Unity realizes virtual character model action synchronization operation flow.

5. Experiments

HMDB51 and UCF101 are classic benchmark datasets in the field of action recognition, covering diverse action categories across indoor and outdoor scenarios. They are suitable for validating the model’s robustness to complex backgrounds and varying lighting conditions. Kinetics-400 contains large-scale long video sequences with rich spatiotemporal dynamics, which effectively evaluates the model’s capability for multiscale feature modeling. This paper adheres strictly to the official training and test set splits of the HMDB51, UCF101, and Kinetics-400 datasets to verify the model’s training effectiveness. We adopt a sparse sampling strategy to process video clips, evenly dividing the input video into $k$ segments (where $k = 5$ ) and randomly selecting one frame from each segment as input. During training, data augmentation and regularization strategies such as RandAugment, Mixup, and Cutmix are employed.

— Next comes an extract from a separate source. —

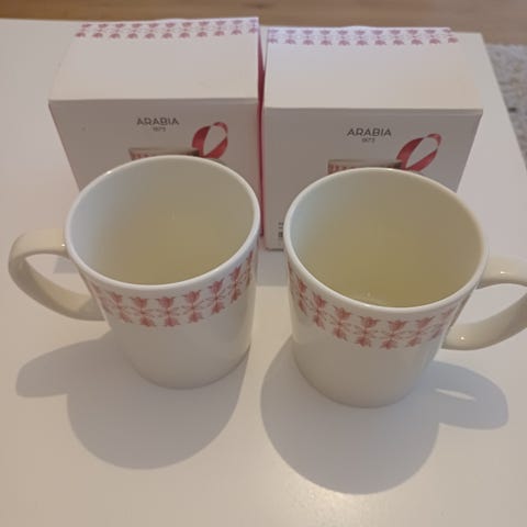 Arabia Kielo muki, tilavuus 0,3 litraa. Valkoinen posliinimuki, jossa vaaleanpunainen kielokuvio. Soveltuu astianpesukoneeseen, mikroaaltouuniin ja uuninkestävä. 2 kpl myynnissä, hinta 15 e/muki. Mukit ovat uusia. Syöpäsäätiön Roosa-nauha mukeja. Kuvion suunnittelija Raija Uosikkinen.

To enhance recognition accuracy, the model is pre-trained on the ImageNet-1k dataset, with a weight decay coefficient set to 0.05 to prevent overfitting, and the pre-trained weights are used as initialization parameters.

During the training phase, dropout is set to 0.9, the batch size is 64, and the frame size is $224 \times 224$ . The model is trained for 120 epochs on the UCF101 and HMDB51 datasets and for 300 epochs on the Kinetics-400 dataset. The initial learning rate follows a cosine learning rate scheduler with a 30-epoch linear warm-up, and the AdamW optimizer with a weight decay of 0.05 is used. Cross-entropy loss and L2 regularization are employed to optimize the model parameters, which are updated at the end of each training epoch to improve recognition performance.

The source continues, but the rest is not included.